Practice Point: An arbitrator’s determination will not be reversed because the arbitrator made an error of law. Only an irrational determination will be reversed by a court.

 

April 13, 2022
/ Labor Law-Construction Law

THE EIGHT-INCH WIDE BEAM CLAIMANT WAS MOVING ALONG WHEN HE FELL WAS THE FUNCTIONAL EQUIVALENT OF A SCAFFOLD, BRINGING THE ACTION WITHIN THE SCOPE OF LABOR LAW 240(1); THE SAFETY LINE PROVIDED TO CLAIMANT DID NOT PROTECT HIM FROM THE FALL; CLAIMANT WAS ENTITLED TO SUMMARY JUDGMENT (SECOND DEPT).

The Second Department, reversing Supreme Court, determined claimant’s motion for summary judgment on the Labor Law 240(1) cause of action should have been granted. Claimant, Lazo, was moving along an eight-inch wide, 17-foot long, beam suspended above a platform when he fell. He was attached to two safety lines which he had to detach and reattach to anchorage points.

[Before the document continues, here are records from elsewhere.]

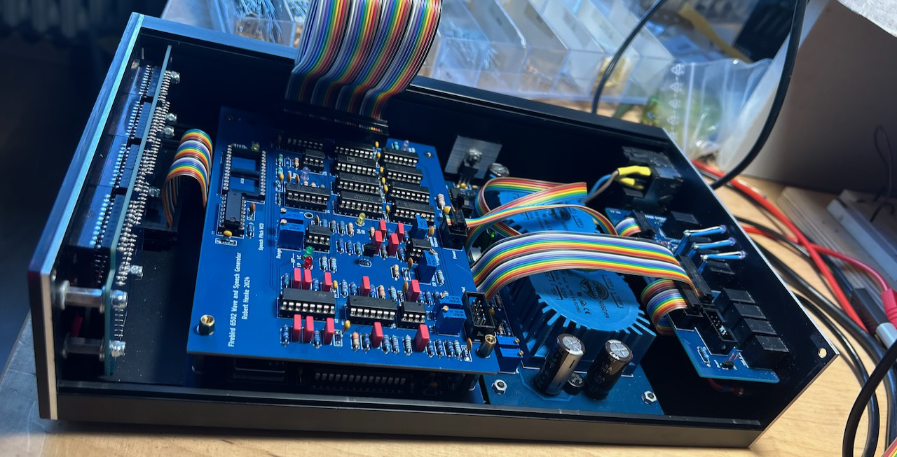 From left to right: I/O board, power supply, CPU board, display board. Still missing is the audio DAC board and potentially a graphics / CRT control board, which will both sit on top of the CPU board.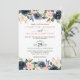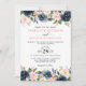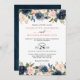 Navy Blue Blush Pink Rose Boho Wedding Invitation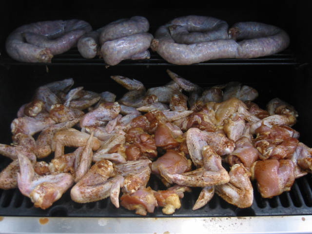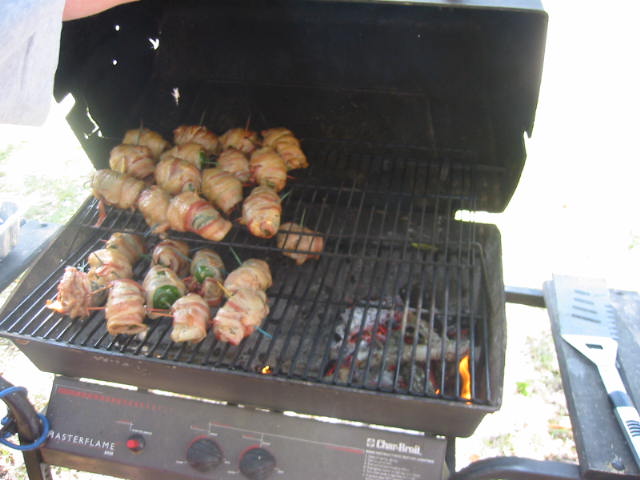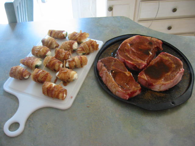 Today I decided to try my hand at Stuffed Jalapanos. I got the recipe at Daves Hacienda Weekend last year. I took extra care to insure that I had extracted all the seeds prior to stuffing them with Kielbasa and cream cheese and wrapping them with bacon. Half an hour on the grill and they were stupendous. Even L.W. liked them. Yeah, the Ribeyes weren't bad either.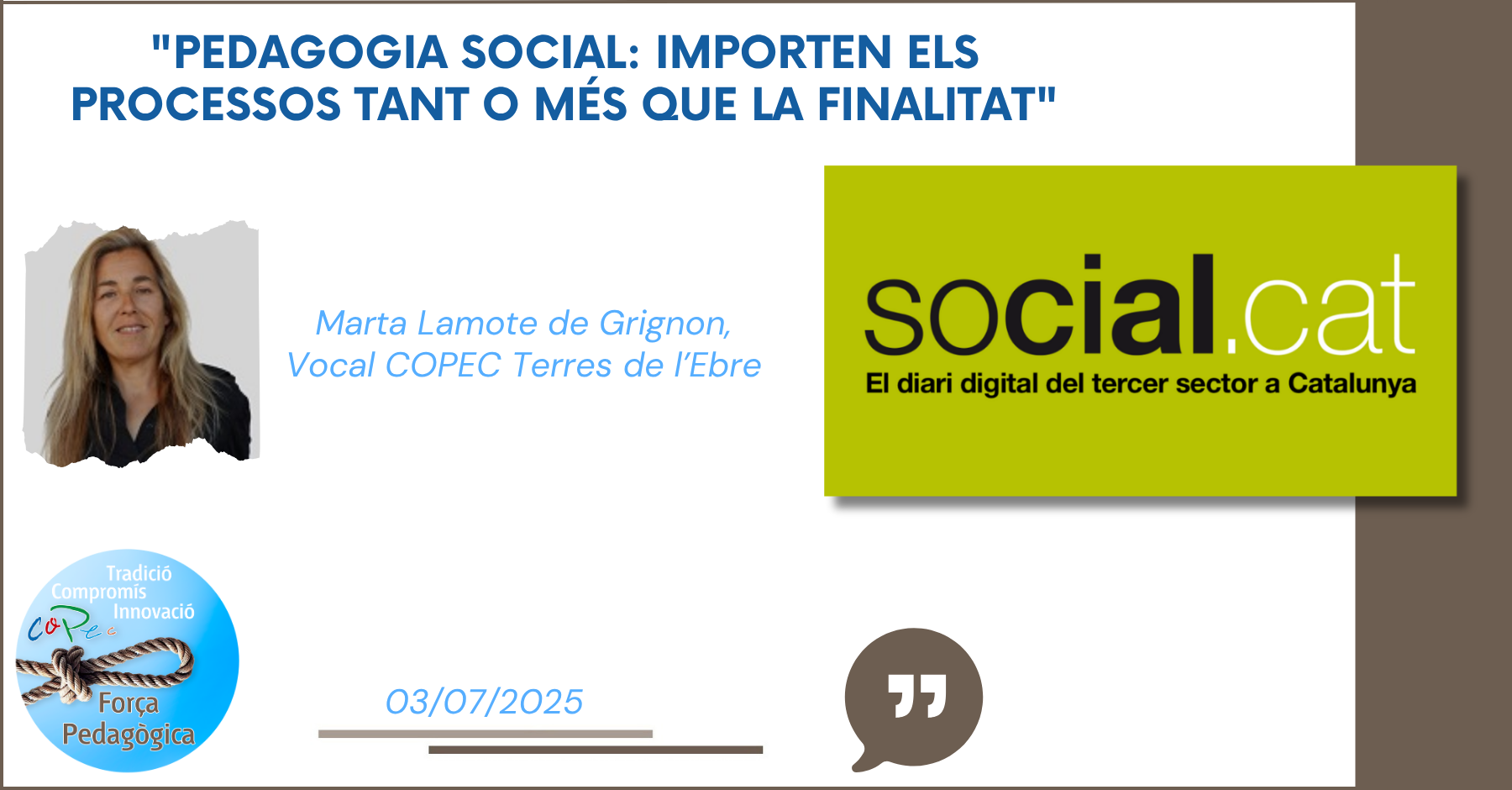 "PEDAGOGIA SOCIAL: IMPORTAN LOS PROCESOS TANTO Y MÁS QUE LA FINALIDAD", SOCIAL.CAT - M. L.G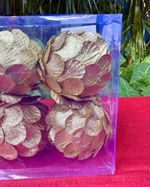 Kit 4 bolas medindo 10cm cada efeito escama na cor dourada.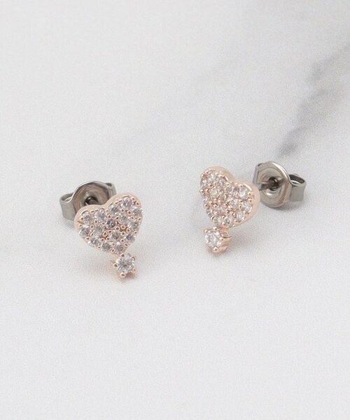 キラキラ輝くキュービックジルコニアを使用した、ハートモチーフのピアスです。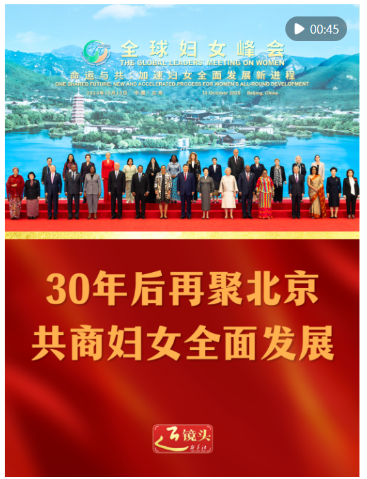 10月13日上午,國家主席習近平出席全球婦女峰會開幕式並發表主旨講話。1995年秋,北京世界婦女大會召開,樹立起全球婦女事業發展的一座裡程碑。30年後,在這收獲的季節,中國同聯合國婦女署在北京合作舉辦全球婦女峰會,傳承弘揚北京世婦會精神,為加速婦女全面發展新進程譜寫新篇。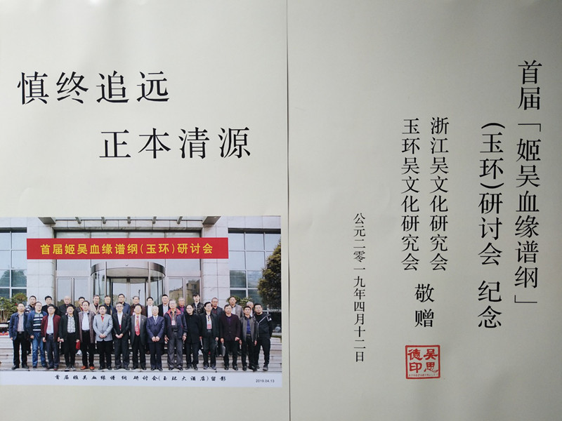 2019年4月12-15日,在浙江玉环召开的“首届姬吴血缘谱纲研讨会”园满成功:取得了共识,明确了方向,成立了机构,部署了今后一段时期的任务。与会人员一致认为: 浙吴会能牵头做这件事确实不容易!任务重,压力大;时间长,难度大;资料难找,工作量更大。这件事做好了,真是功德无量,永垂青史。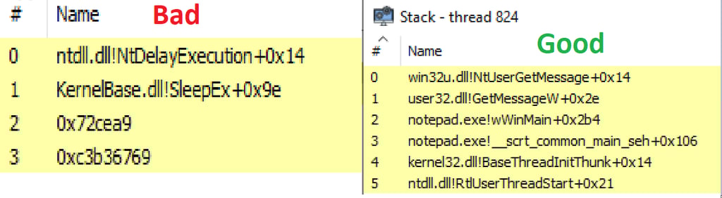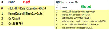 Even if you have never looked at a call stack before, and without reading the "BAD" and "GOOD" labels I drew on the images, you can probably tell that the one on the left looks a bit off. We will go deeper on why in a moment, but first let me give you a quick overview of what an EDR is actually looking at.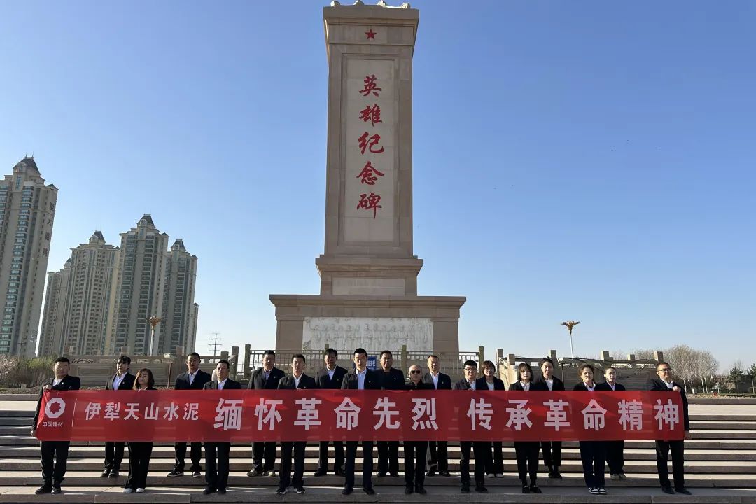 伊犁天山水泥组织全体党员在伊宁市塔什科瑞克乡英雄纪念碑广场召开祭扫活动,大家向革命烈士纪念碑默哀并三鞠躬、缓步瞻仰英雄纪念碑、敬献花篮,向革命先辈致以最崇高的敬意。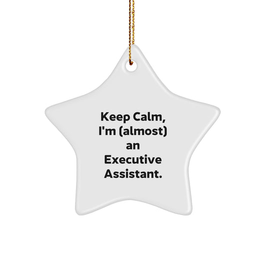 Funny Executive Assistant Gifts from Men, Women, Friends, Coworkers, Family - Keep Calm, I'm (almost) An Executive Assistant. Christmas Unique Star Ornament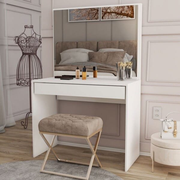 Penteadeira Magnifique 1 Gaveta Com Divisória E Espelho Branco – Panorama Móveis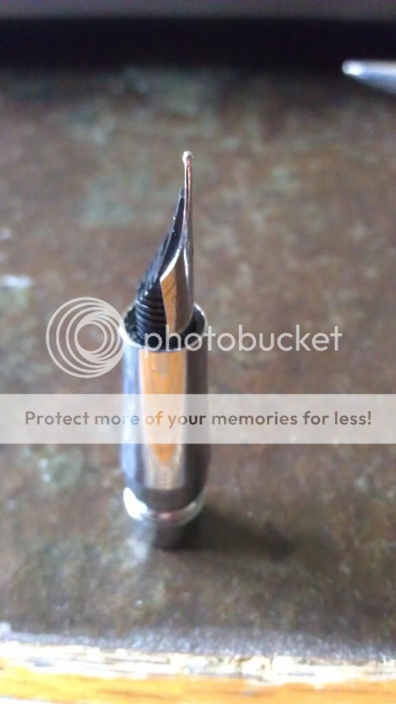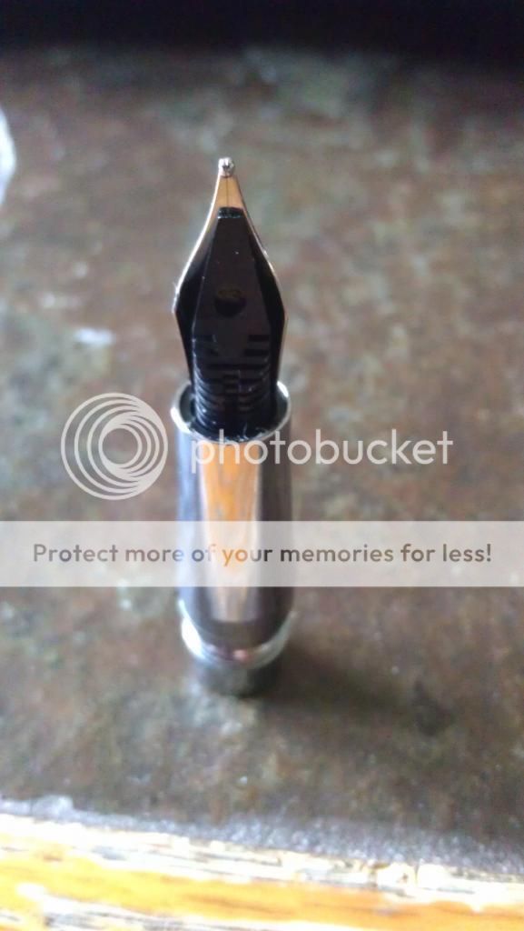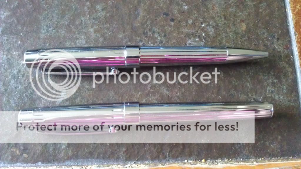 Sau 1 hồi lục lọi, lại được ông cậu cho thêm 2 cây bút- 1 mực, 1 bi, đi kèm với bao đựng bút, toàn thân bằng niox sáng loáng, noname, nhưng ngòi của bút mực có chữ Iridium Point Germany (chưa rõ xuất xứ). Cảm giác cầm khá nặng tay, nhìn cũng có ''cảm giác hàng hiệu'':D. Xin hỏi ý kiến ae là có nên cho e nó lên sàn đấu giá ko? Để lấy bút ra viết thì xoay 1 vòng nhé. Hàng này mua lâu để quên ko xài:D

He fell while in the process of reattaching one of the lines. The second line did not prevent the fall:

Lazo would use a hook at the end of each safety line to secure it to various anchorage points on another horizontal beam located above him. To move across the beam, workers were instructed to unhook the first safety line from the first anchorage point, connect it to a second anchorage point, and then repeat this process with the second safety line. This effectively allowed workers to move along the beam while always having at least one safety line attached to an anchorage point. * * *

Lazo’s deposition testimony established, prima facie, that his accident was within the purview of Labor Law § 240(1), since the beam from which he fell was being used as the functional equivalent of a scaffold … . Lazo’s deposition testimony also established, prima facie, that his second safety line was attached to an anchorage point but was nevertheless insufficient to prevent him from falling … . Lazo v New York State Thruway Auth., 2022 NY Slip Op 02400, Second Dept 4-13-22

Practice Point: Here an eight-inch wide, 17 foot-long beam suspended eight feet above a platform was the functional equivalent of a scaffold. The fall from the beam therefore was within the scope of Labor Law 240(1).